▶ _Directions_: Instruction for the entries that follow: retype exactly the lines from the line with "Aos oito anos" to the line with "Process evaluation team.", both included, and omit all others.

▶ _The data_:
□ □ □ □ □

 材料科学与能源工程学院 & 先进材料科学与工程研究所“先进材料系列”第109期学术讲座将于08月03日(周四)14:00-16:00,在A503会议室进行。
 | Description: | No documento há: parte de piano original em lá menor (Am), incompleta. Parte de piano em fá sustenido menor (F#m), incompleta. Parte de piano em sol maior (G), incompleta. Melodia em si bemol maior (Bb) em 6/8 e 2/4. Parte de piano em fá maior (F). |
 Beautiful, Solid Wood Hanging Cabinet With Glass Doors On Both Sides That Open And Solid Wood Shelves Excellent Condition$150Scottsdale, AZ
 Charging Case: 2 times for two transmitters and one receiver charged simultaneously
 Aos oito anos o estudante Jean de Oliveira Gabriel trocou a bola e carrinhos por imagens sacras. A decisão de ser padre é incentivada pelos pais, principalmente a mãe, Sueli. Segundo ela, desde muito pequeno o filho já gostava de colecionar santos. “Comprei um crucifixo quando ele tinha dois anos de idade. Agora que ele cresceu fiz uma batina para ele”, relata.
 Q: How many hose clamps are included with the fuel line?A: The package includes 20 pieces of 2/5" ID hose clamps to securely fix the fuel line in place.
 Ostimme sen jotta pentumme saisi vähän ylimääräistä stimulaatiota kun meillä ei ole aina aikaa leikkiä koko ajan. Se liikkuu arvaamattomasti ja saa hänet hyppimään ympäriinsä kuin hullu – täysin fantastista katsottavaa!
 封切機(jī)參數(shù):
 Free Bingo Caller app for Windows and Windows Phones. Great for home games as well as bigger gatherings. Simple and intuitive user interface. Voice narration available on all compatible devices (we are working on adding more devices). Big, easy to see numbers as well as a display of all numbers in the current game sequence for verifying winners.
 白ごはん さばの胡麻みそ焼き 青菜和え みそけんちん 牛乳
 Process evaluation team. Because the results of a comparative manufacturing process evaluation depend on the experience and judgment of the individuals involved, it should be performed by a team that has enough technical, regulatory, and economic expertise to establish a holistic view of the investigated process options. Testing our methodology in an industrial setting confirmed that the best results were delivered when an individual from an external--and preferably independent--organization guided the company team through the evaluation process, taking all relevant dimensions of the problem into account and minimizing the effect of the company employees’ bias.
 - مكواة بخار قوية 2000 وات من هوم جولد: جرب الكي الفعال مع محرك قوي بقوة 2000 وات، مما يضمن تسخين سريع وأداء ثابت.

□ □ □ □ □

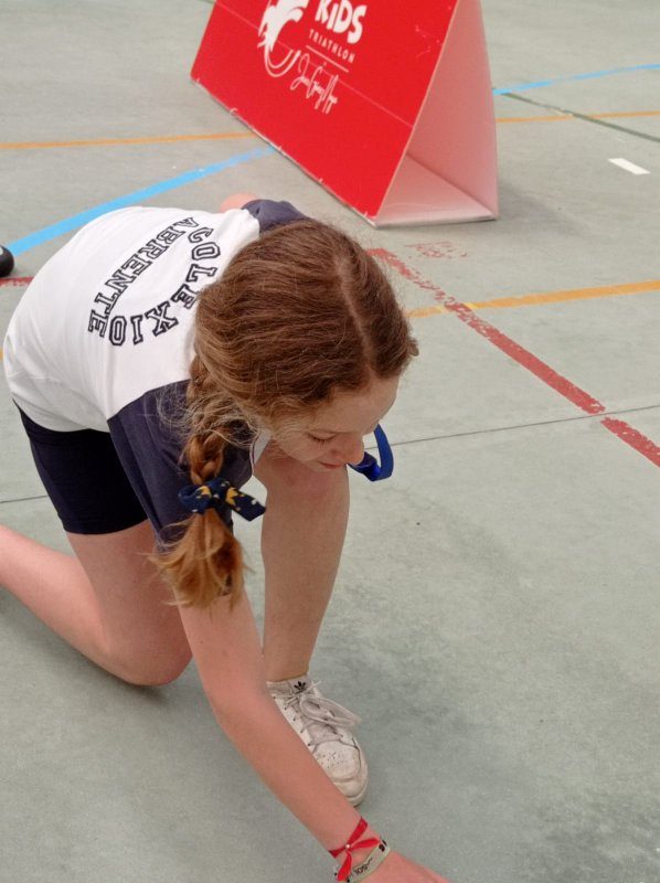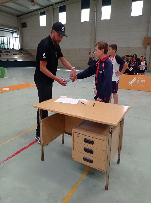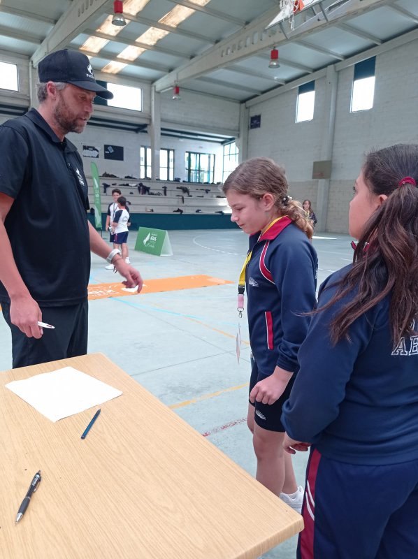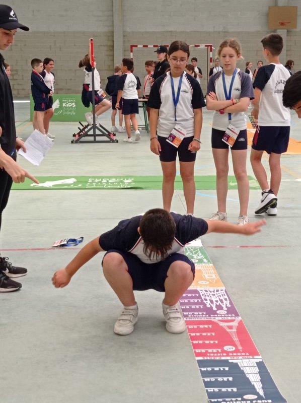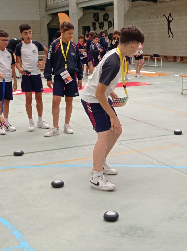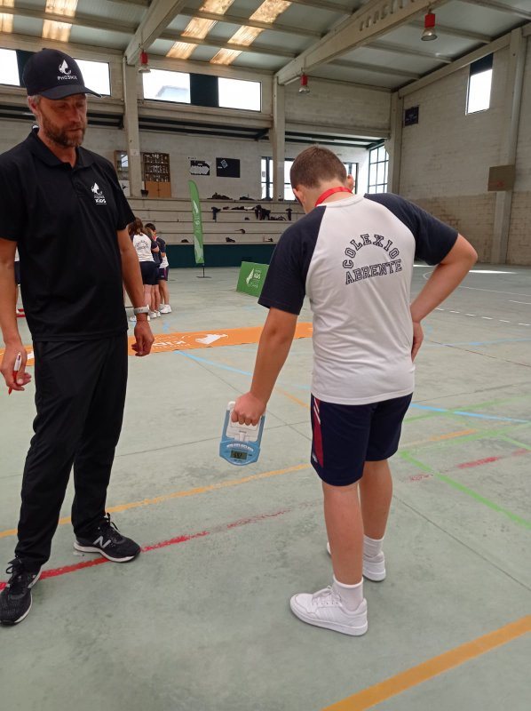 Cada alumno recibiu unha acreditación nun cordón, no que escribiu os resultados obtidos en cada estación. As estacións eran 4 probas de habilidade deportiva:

□ □ □ □ □

▶ _Response_:
 Aos oito anos o estudante Jean de Oliveira Gabriel trocou a bola e carrinhos por imagens sacras. A decisão de ser padre é incentivada pelos pais, principalmente a mãe, Sueli. Segundo ela, desde muito pequeno o filho já gostava de colecionar santos. “Comprei um crucifixo quando ele tinha dois anos de idade. Agora que ele cresceu fiz uma batina para ele”, relata.
 Q: How many hose clamps are included with the fuel line?A: The package includes 20 pieces of 2/5" ID hose clamps to securely fix the fuel line in place.
 Ostimme sen jotta pentumme saisi vähän ylimääräistä stimulaatiota kun meillä ei ole aina aikaa leikkiä koko ajan. Se liikkuu arvaamattomasti ja saa hänet hyppimään ympäriinsä kuin hullu – täysin fantastista katsottavaa!
 封切機(jī)參數(shù):
 Free Bingo Caller app for Windows and Windows Phones. Great for home games as well as bigger gatherings. Simple and intuitive user interface. Voice narration available on all compatible devices (we are working on adding more devices). Big, easy to see numbers as well as a display of all numbers in the current game sequence for verifying winners.
 白ごはん さばの胡麻みそ焼き 青菜和え みそけんちん 牛乳
 Process evaluation team. Because the results of a comparative manufacturing process evaluation depend on the experience and judgment of the individuals involved, it should be performed by a team that has enough technical, regulatory, and economic expertise to establish a holistic view of the investigated process options. Testing our methodology in an industrial setting confirmed that the best results were delivered when an individual from an external--and preferably independent--organization guided the company team through the evaluation process, taking all relevant dimensions of the problem into account and minimizing the effect of the company employees’ bias.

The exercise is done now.